Finally, in step S103, the generated document boltzmann model is optimized according to the bayesian information criterion, so as to obtain an optimized document boltzmann model. In one embodiment, according to the relevance of nodes in the document boltzmann model, a plurality of small models corresponding to the document boltzmann model and edge probability values corresponding to a single small model are obtained. And selecting the maximum value P of the edge probability values according to the edge probability values of the small models, and recording the small model corresponding to the maximum value P as the optimized document Boltzmann machine model.

When the document boltzmann model contains b nodes, in one embodiment, when the correlation value between any two nodes in the document boltzmann model is zero, the corresponding node of the document boltzmann model is obtained

Selecting edge probability values corresponding to different small models and a single model, and selecting the maximum value P1 of the edge probability values; when two groups, three groups and four groups … in the boltzmann model are recorded till

When the correlation value between any two nodes of the group is zero, obtaining a plurality of different small models corresponding to the document Boltzmann machine model and edge probability values corresponding to a single small model, and selecting the maximum values P2, P3 and P4 … of the edge probability values until the maximum values P2, P3 and P4 … of the edge probability values are zero

FIG. 2 is a schematic diagram of a document Boltzmann mechanism optimization method for document queries to obtain a document Boltzmann model according to an embodiment of the invention.

Documents are modeled using the fully visible Boltzmann Machine (BM) with the goal of naturally capturing dependencies between terms, generalizing the distribution assumptions used by traditional language models. The model represents a class of Boltzmann distribution, is more generalized than a plurality of distributions, further obtains more effective query likelihood and improves the retrieval accuracy.

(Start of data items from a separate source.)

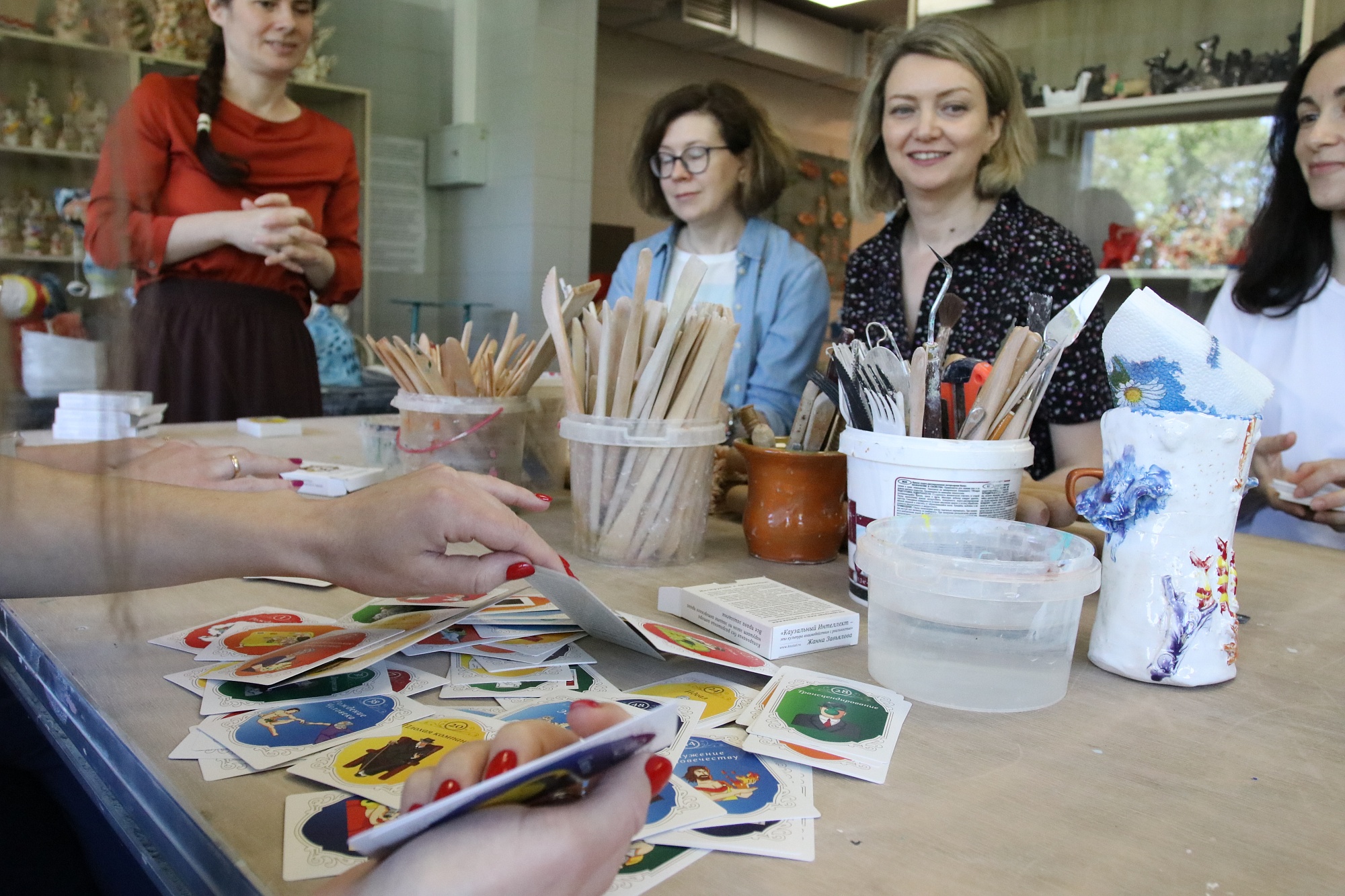Каждый сможет слепить объёмную фигуру или барельеф, а затем раскрасить яркими красками. После сушки и обжига изделие можно будет забрать на память.
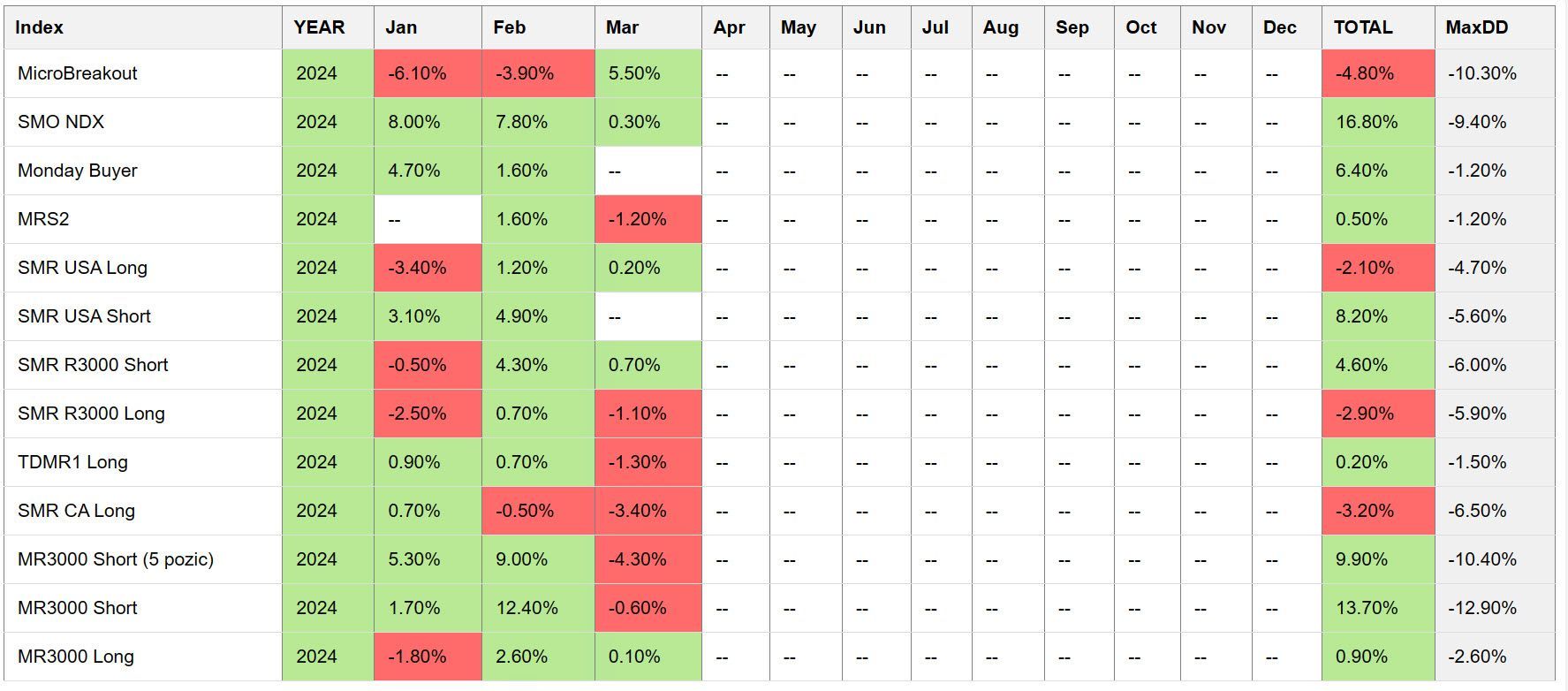 Jde o swingové strategie pracující s různými principy – trend following, breakout, mean reversion. Long a short. U všech strategií jsou dopředu k dispozici signály vstupů a výstupů. Pointou sdílených strategií je mít v trzích něco, s čím můžete začít pracovat na tom, co je podstatné – systematičnost a diverzifikace. Na screenshotu vidíte hypotetickou letošní výkonnost strategií. Hypotetickou proto, že ne vše obchoduji živě a ne vše obchoduji podle těch nejjednodušších pravidel - což je mimochodem i předmětem Trading Roomu. Ukazovat, jak funguje reálná praxe tradingu a jak můžeme k mechanickému obchodování přistupovat.
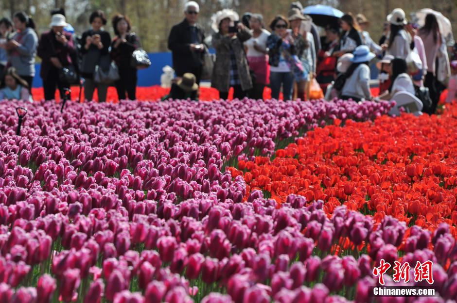 3月9日,昆明撈魚河濕地公園22畝約60萬株郁金香盛開,吸引了大量的游客和市民排隊前來賞花、拍照。據(jù)了解,撈魚河濕地公園種植的郁金香均是從荷蘭進口的,花期為25天。自向民眾開放以來,每天平均有兩萬人進園賞花。中新社記者 任東 攝
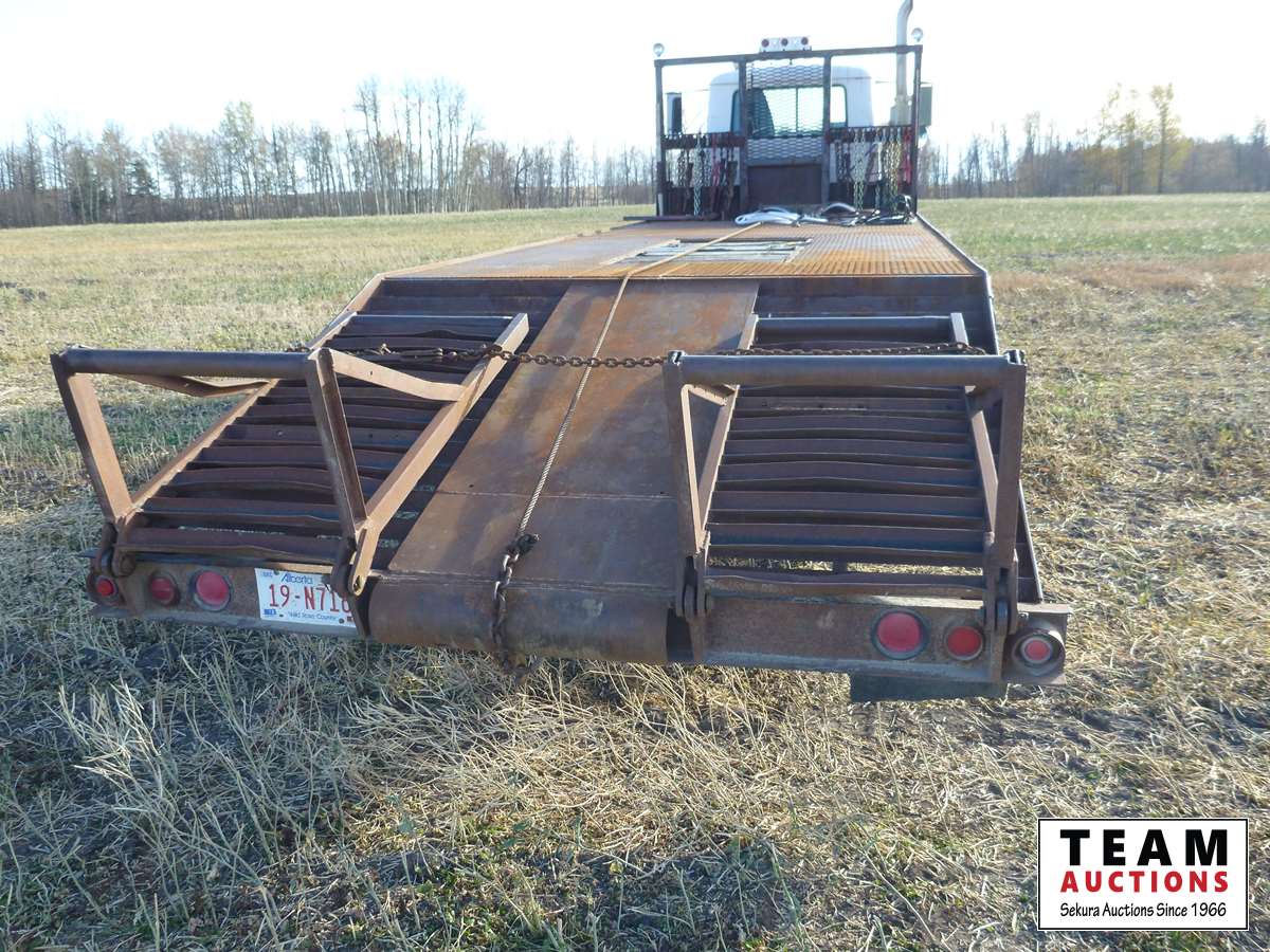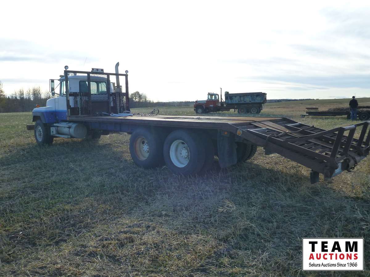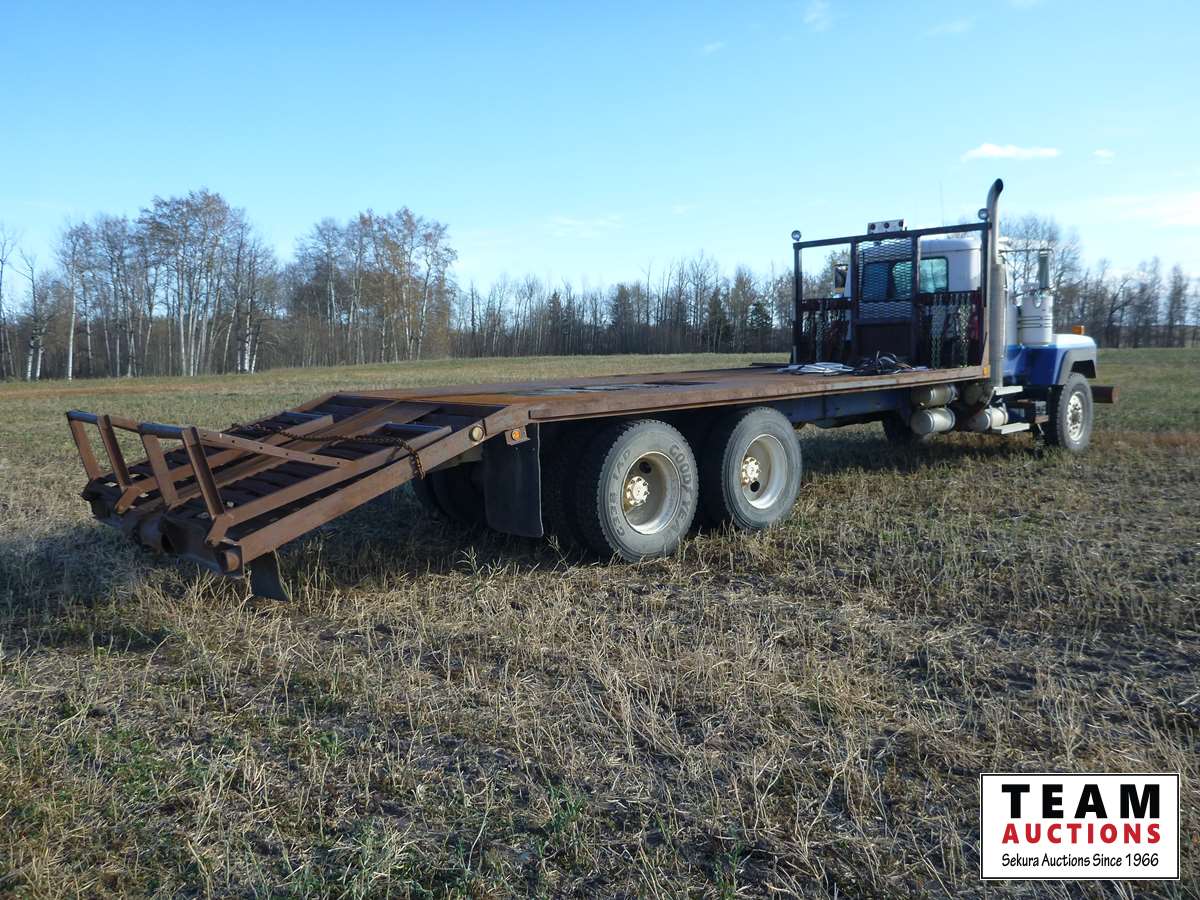 El 50 Mack engine, 20 ft deck with 6 ft beavertails and flip over ramps, winch, 385/65R22.5 front & 11R22.5 rear tires
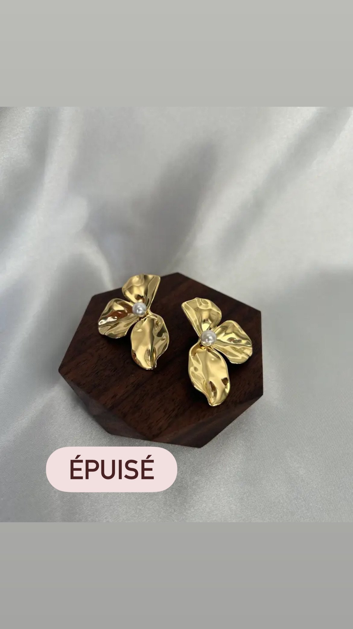 Boucles d’Oreilles Pendantes Dorées Demi Fleur Et Perle Blanche Au Centre.
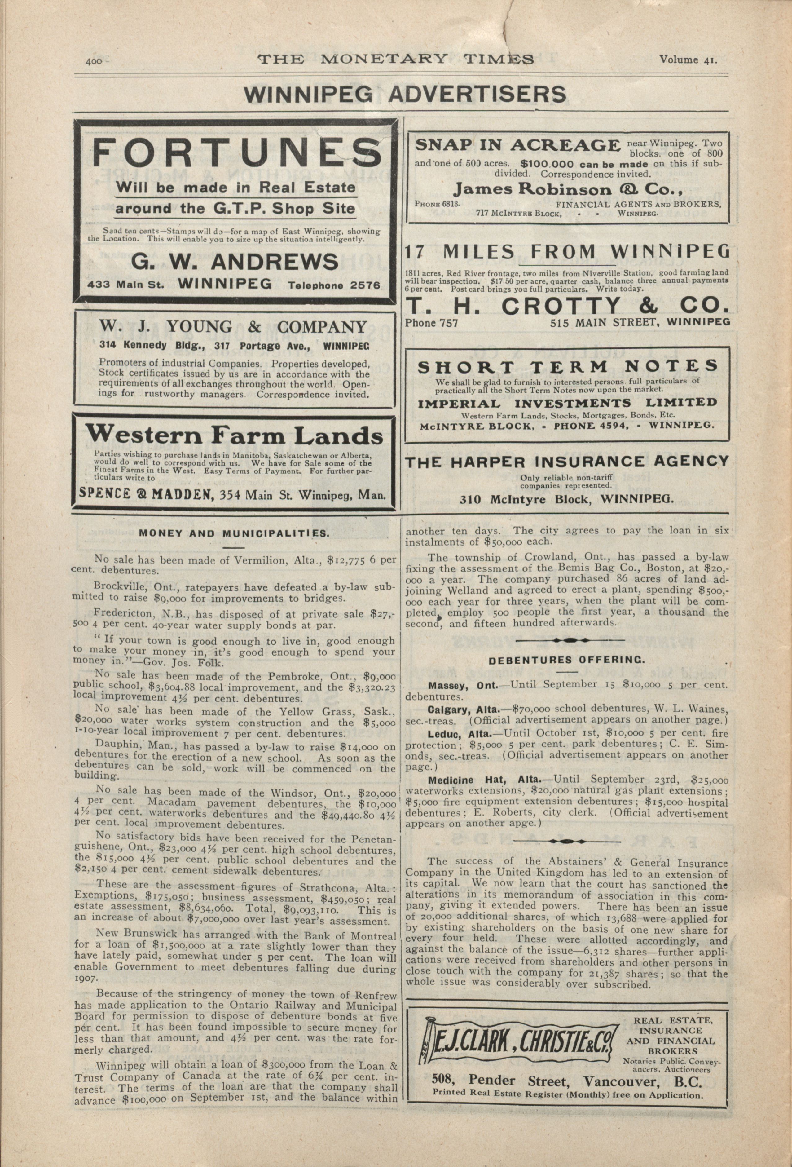 Toronto, Montreal, Winnipeg, Vancouver : Monetary Times Printing Company, [1907]; 40 images avec recherche en texte intégral

FIG. 2, for any document d_iOverlappable document fragments are obtained using a sliding window, the sliding window size being set to a fixed value σ and the sliding step size being set to 1. Each dimension of each document fragment indicates whether a corresponding term exists in the current document fragment, i.e. if a term appears in the document fragment, the value of the corresponding dimension in the vector representation is 1, otherwise 0, and the obtained sample set X is used for learning a model for representing the document i. The learning method selects the most basic maximum likelihood function, and can obtain a learning objective function, namely the log likelihood of a sample:

wherein Z (W) ═ Σ_Xexp[-E(x；W)]Is a partition function;

x is the sample set, w¹,w²,w³Etc. are different subsets of the parameter set W. First order parameter

Representing the state of the modeling node i, a second-order parameter

The degree of association between node i and node j is modeled, while higher order parameters may model the degree of connectivity between multiple nodes. Thus, when each node represents the state of a term, the boltzmann machine can naturally model the dependencies between terms.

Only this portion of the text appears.